**Records provided:**
::::::::::

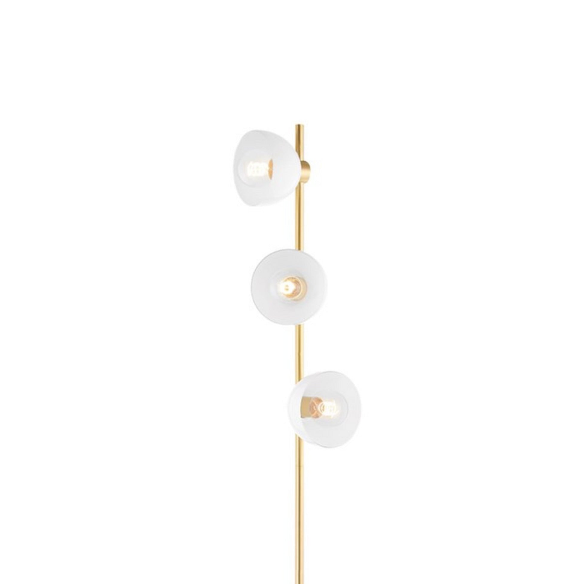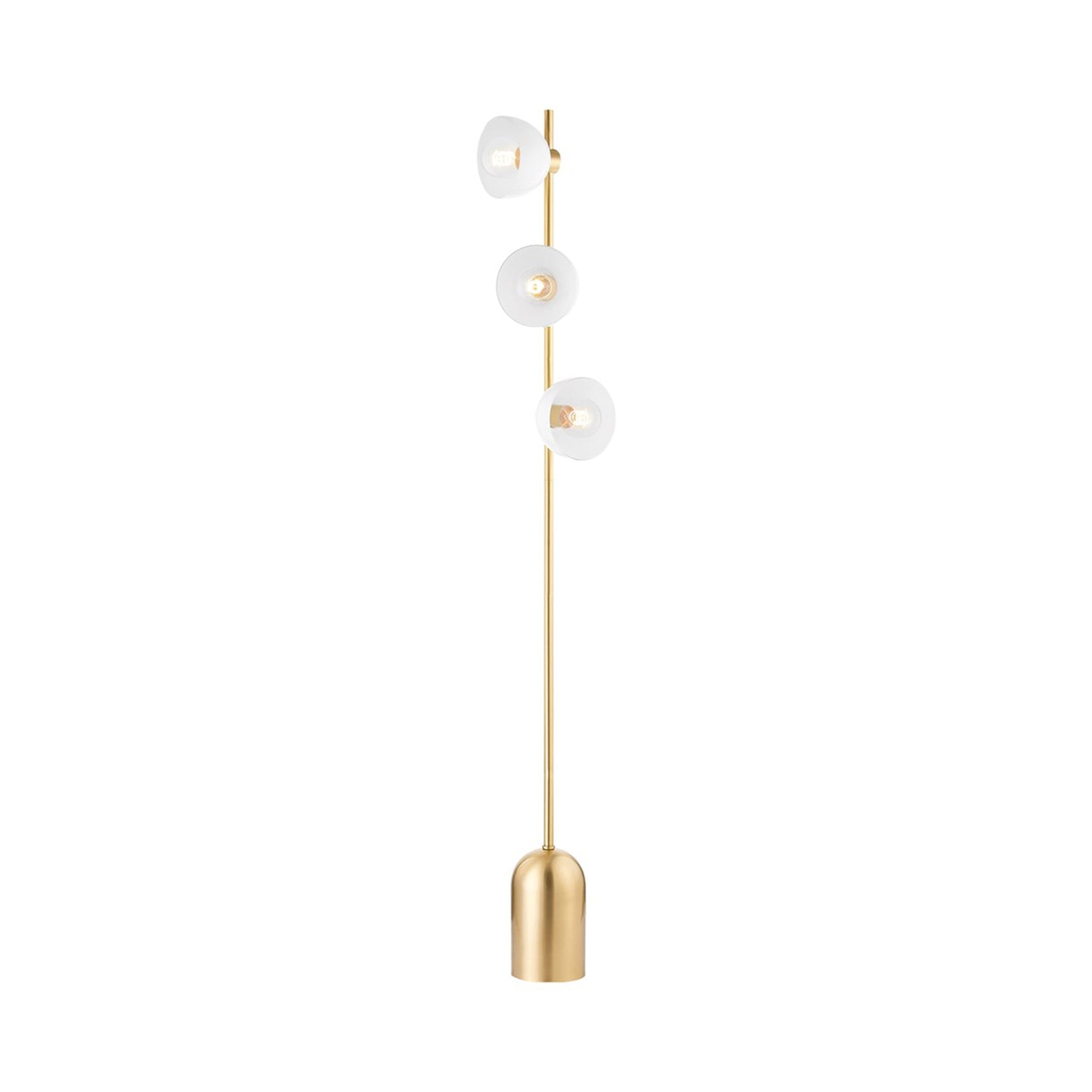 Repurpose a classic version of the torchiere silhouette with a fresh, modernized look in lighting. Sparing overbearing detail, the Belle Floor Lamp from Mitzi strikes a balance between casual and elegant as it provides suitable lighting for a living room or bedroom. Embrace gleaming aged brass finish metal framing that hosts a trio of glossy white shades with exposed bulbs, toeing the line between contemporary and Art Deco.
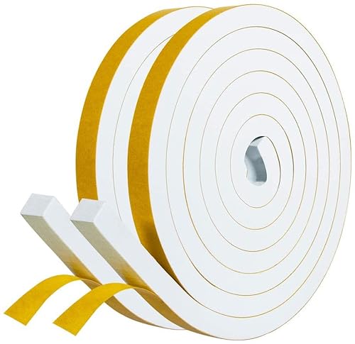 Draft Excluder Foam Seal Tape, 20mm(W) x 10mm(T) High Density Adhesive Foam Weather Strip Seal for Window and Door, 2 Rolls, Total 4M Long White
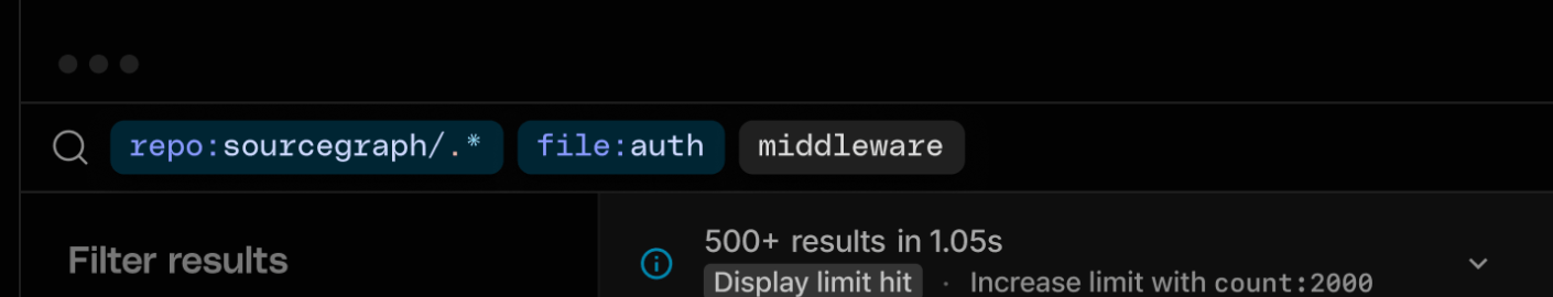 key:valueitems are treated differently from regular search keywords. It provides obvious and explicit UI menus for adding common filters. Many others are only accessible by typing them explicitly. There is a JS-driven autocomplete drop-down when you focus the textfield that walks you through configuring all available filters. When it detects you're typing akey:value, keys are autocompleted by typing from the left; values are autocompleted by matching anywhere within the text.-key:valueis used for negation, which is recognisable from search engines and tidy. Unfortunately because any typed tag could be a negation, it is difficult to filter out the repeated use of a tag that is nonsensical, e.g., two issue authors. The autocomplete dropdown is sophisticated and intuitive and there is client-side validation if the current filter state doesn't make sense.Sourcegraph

::::::::::

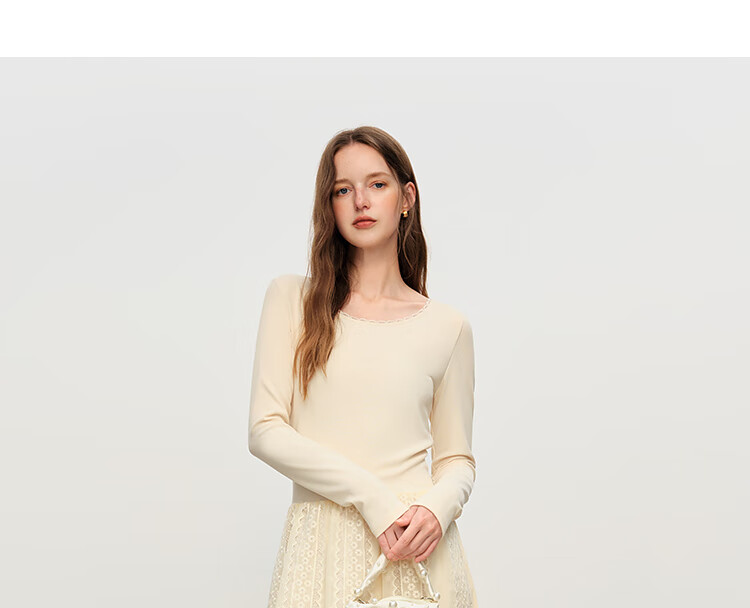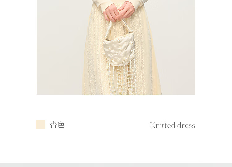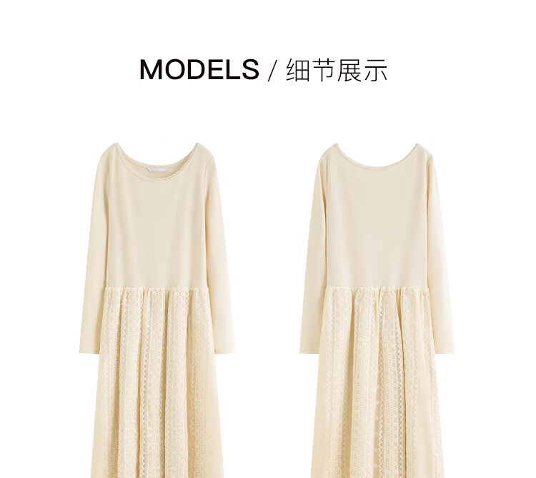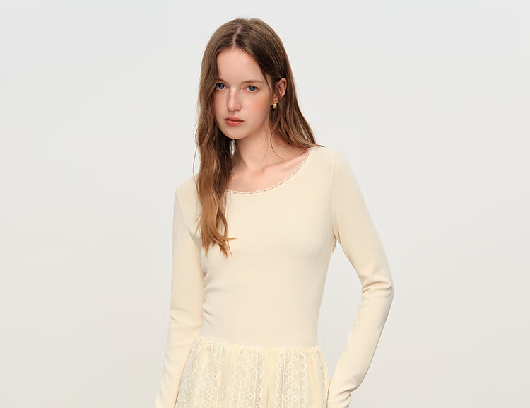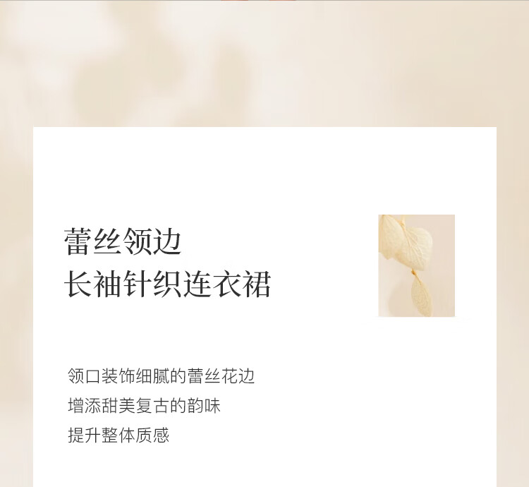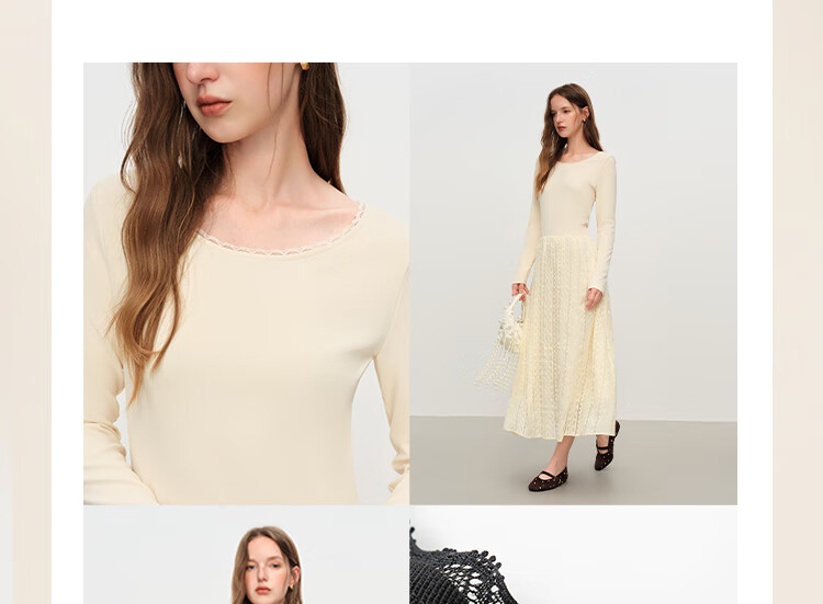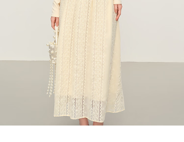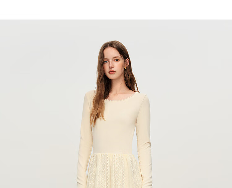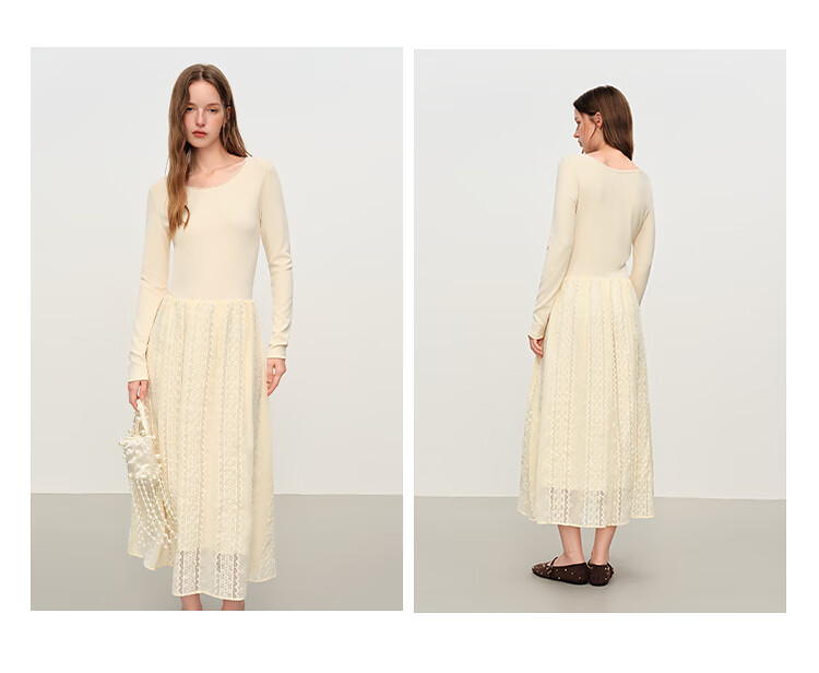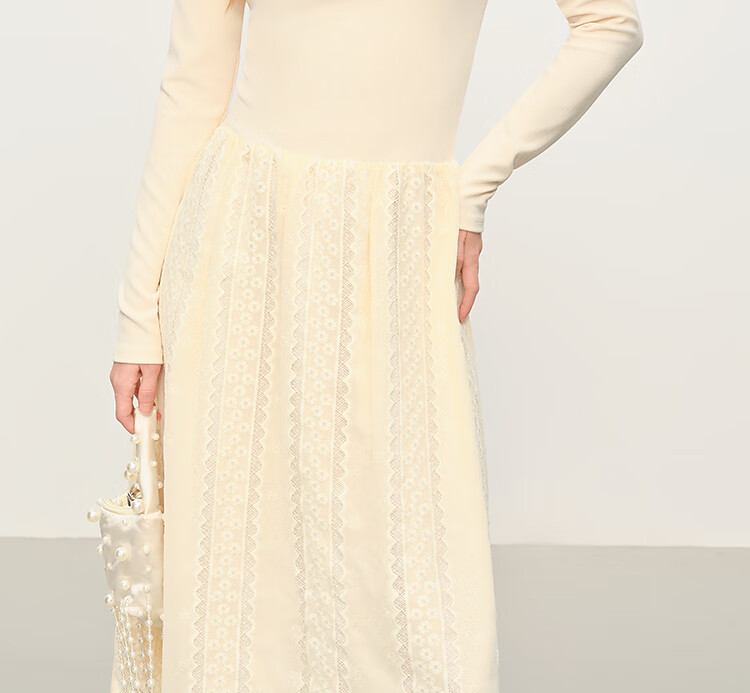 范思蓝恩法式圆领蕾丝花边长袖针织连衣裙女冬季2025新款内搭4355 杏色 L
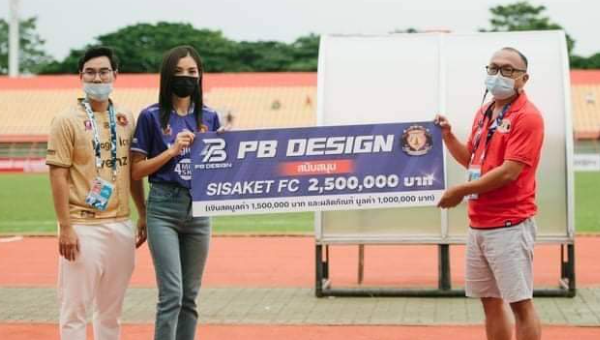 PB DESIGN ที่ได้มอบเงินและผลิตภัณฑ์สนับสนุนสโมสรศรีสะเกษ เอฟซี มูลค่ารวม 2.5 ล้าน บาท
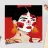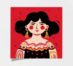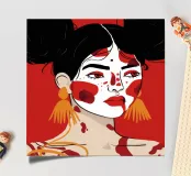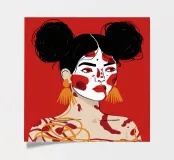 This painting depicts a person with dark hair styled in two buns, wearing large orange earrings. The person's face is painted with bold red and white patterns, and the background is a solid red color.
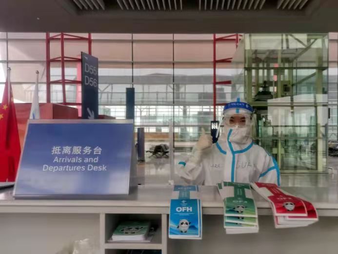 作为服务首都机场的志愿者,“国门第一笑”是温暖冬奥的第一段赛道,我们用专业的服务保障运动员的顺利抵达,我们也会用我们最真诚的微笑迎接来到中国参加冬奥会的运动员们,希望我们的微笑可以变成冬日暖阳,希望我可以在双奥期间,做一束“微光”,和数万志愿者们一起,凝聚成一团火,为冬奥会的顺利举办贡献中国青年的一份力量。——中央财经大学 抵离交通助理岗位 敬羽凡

::::::::::

**Aim of the exercise:**
Respond with the exact lines above running from the one containing "Repurpose a classic" to the one containing "Draft Excluder Foam", both ends kept and no pictures included.

**Exercise solution:**
 Repurpose a classic version of the torchiere silhouette with a fresh, modernized look in lighting. Sparing overbearing detail, the Belle Floor Lamp from Mitzi strikes a balance between casual and elegant as it provides suitable lighting for a living room or bedroom. Embrace gleaming aged brass finish metal framing that hosts a trio of glossy white shades with exposed bulbs, toeing the line between contemporary and Art Deco.
 Draft Excluder Foam Seal Tape, 20mm(W) x 10mm(T) High Density Adhesive Foam Weather Strip Seal for Window and Door, 2 Rolls, Total 4M Long White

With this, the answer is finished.